Our long-term goal is to understand the transcriptional regulatory network in metabolism. We are currently pursuing two major projects.

1. MLL3/4 complexes in transcription, metabolism and cancer

Our lab purified the first mammalian transcriptional coactivator complex that methylates histone H3-lysine 4 (H3K4). This complex contains either MLL3, a H3K4-methyltransferase, or its paralogue MLL4. In contrast to lower eukaryotes which contain a single such enzyme complex, mammals have at least six similar complexes, suggesting divided labor in target genes. Indeed we showed that MLL3/4 complexes selectively target genes involved in diverse metabolic processes, such as adipogenesis and glucose/lipid homeostasis. Our recent effort has been directed at characterizing roles of MLL3/4 complexes in bile acid homeostasis.
 
Interestingly, MLL3/4 complexes, as opposed to other mammal complexes, also contain UTX, an enzyme that removes H3K27-methyl marks, which are linked to transcriptional activation. Thus, MLL3/4 complexes have two distinct enzymes linked to transcriptional activation, offering a unique opportunity to study the interplay between H3K4- and H3K27-methylations. Using retinoic acid receptor target genes as model systems, we are analyzing how MLL3/4 complex coordinate these two different types of methylations for transcriptional activation.

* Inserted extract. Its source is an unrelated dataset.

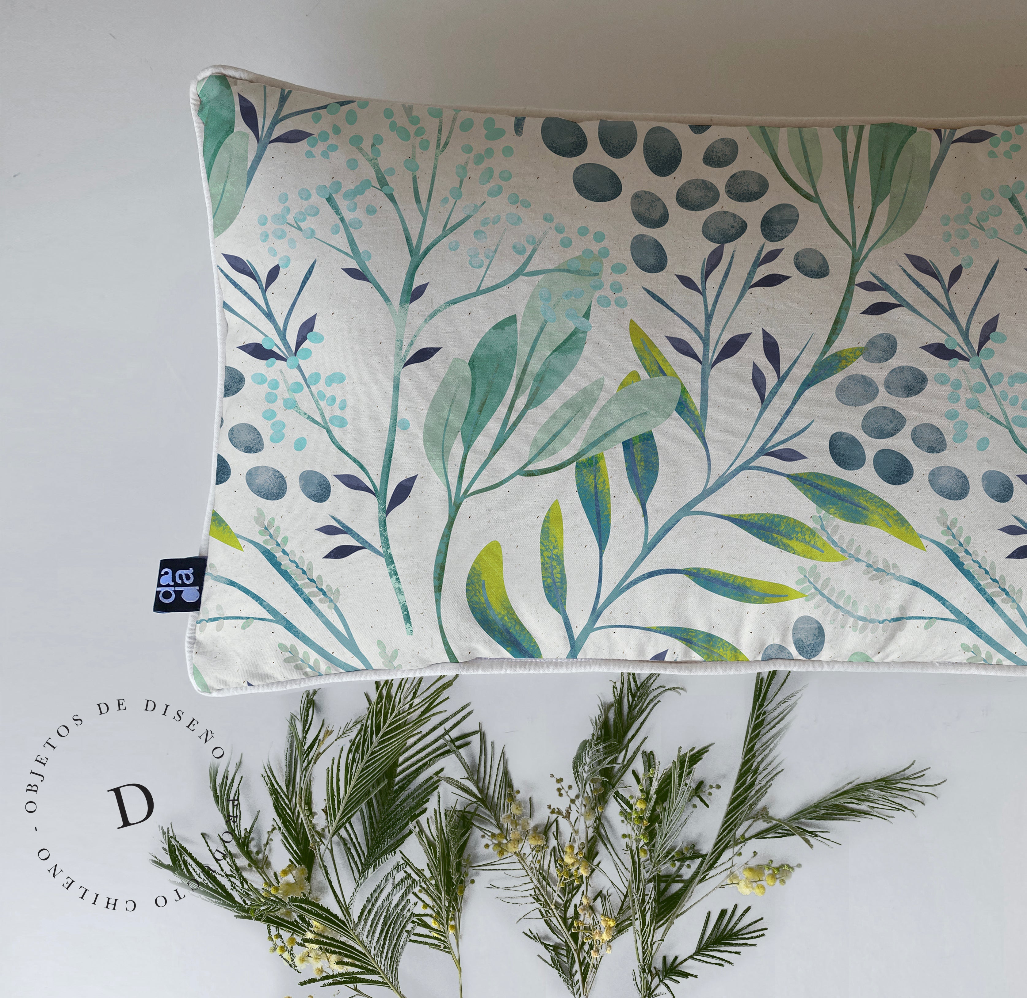 2. Cojín 60 x 40 cm: Diseño por ambos lados, con cordón perimetral, cierre invisible, relleno algodón sintético removible.
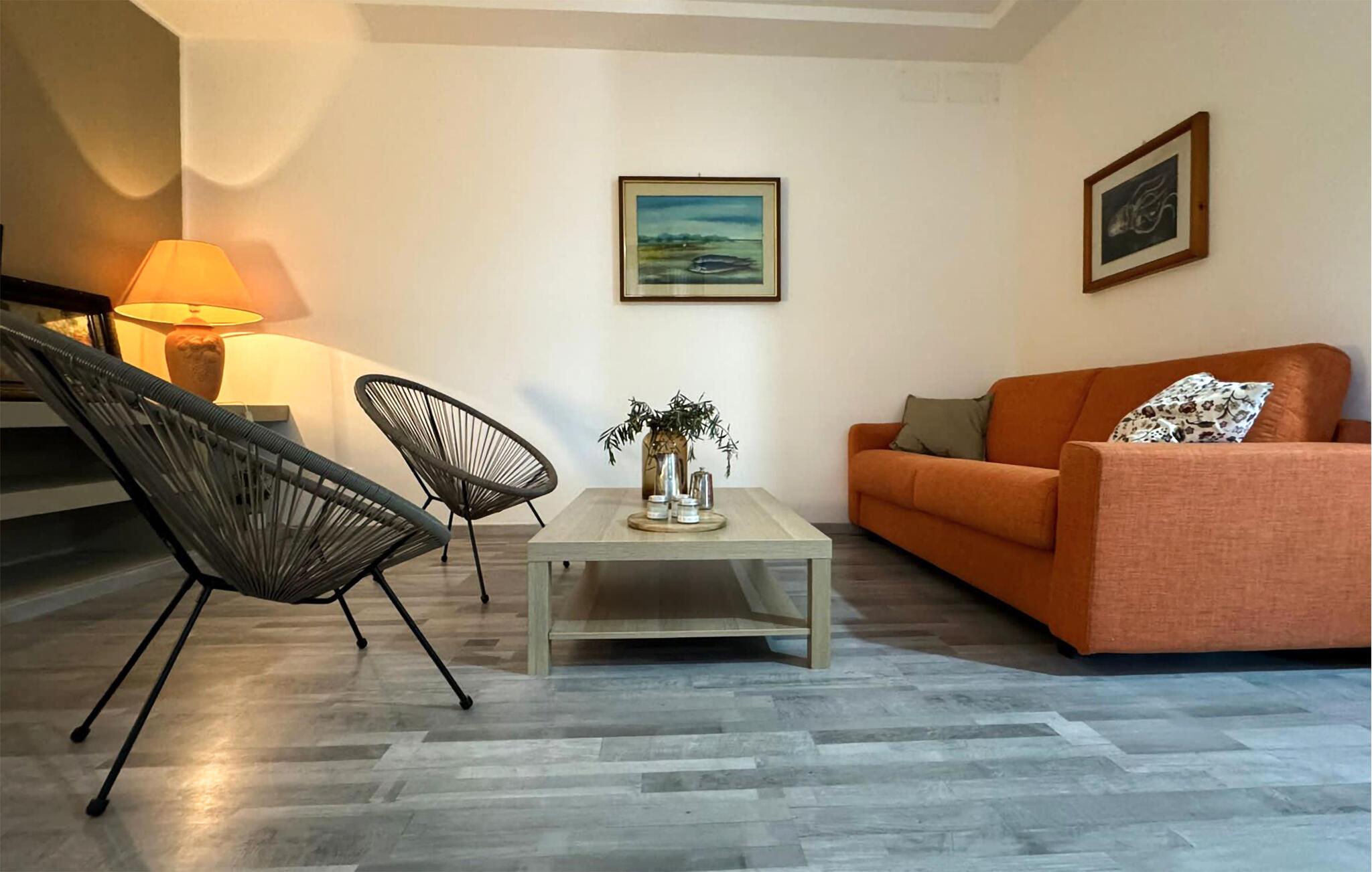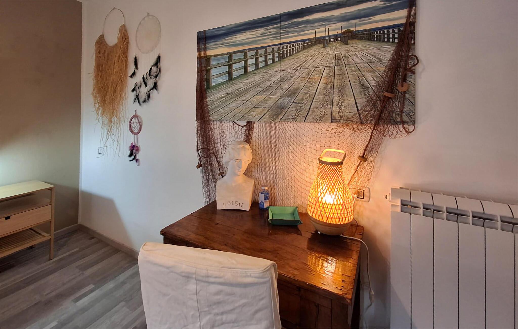 Velkommen til dette smagfulde feriehus, hvor en harmonisk pause venter jer med familien. Her kan I føle jer hjemme mellem jeres udflugter og nyde den varme stemning. Glæd jer til at lave madaftener sammen og slap af i den hyggelige stue. Fordyb jer i en god bog eller brug tiden til stimulerende samtaler i den behagelige sofa.

MLL3/4 complexes also function as coactivators of the tumor suppressor p53, and correspondingly different subunits of MLL3/4 complexes have been shown to be mutated in human cancers. Our MLL3 mutant mice have also been shown to develop kidney tumors. More interestingly, we have recently found that p53 directly regulates bile acid homeostasis, uncovering a critical interface between tumor suppressors and metabolic homeostasis, and that MLL3/4 complexes play important roles in this unexpected interplay. We wish to expand to explore roles of MLL3/4 complexes in cancer development and how regulation of H3K4/H3K27-methylations is integrated to the interface of tumor suppression and metabolism.  

2. Central roles of glucocorticoid in metabolism

Metabolic syndrome or syndrome X is a serious health threat in modern society, which led to the recent burst of metabolic studies. However, most of the progresses in metabolic studies is centered on peripheral tissues and organs such as fat tissue, muscle and the liver, while similar efforts to understand how the central nervous system (CNS) processes peripheral metabolic cues have been limited. Using glucocorticoid, an important peripheral orexigenic cue, as a model system, we wish to tackle this important issue. From this new project, we have been gathering quite a few interesting new findings, including our discovery of the major orexigenic neuropeptide AgRP as a direct target of glucocorticoid in the hypothalamus. Our current efforts include genome-wide ChIP-seq and RNA-seq to identify direct metabolic target genes of glucocorticoid in the hypothalamus. This study, coupled with our proteomics approach to identify glucocorticoid effector molecules, should greatly advance our understand of the central metabolic function of glucocortiocid in energy balance.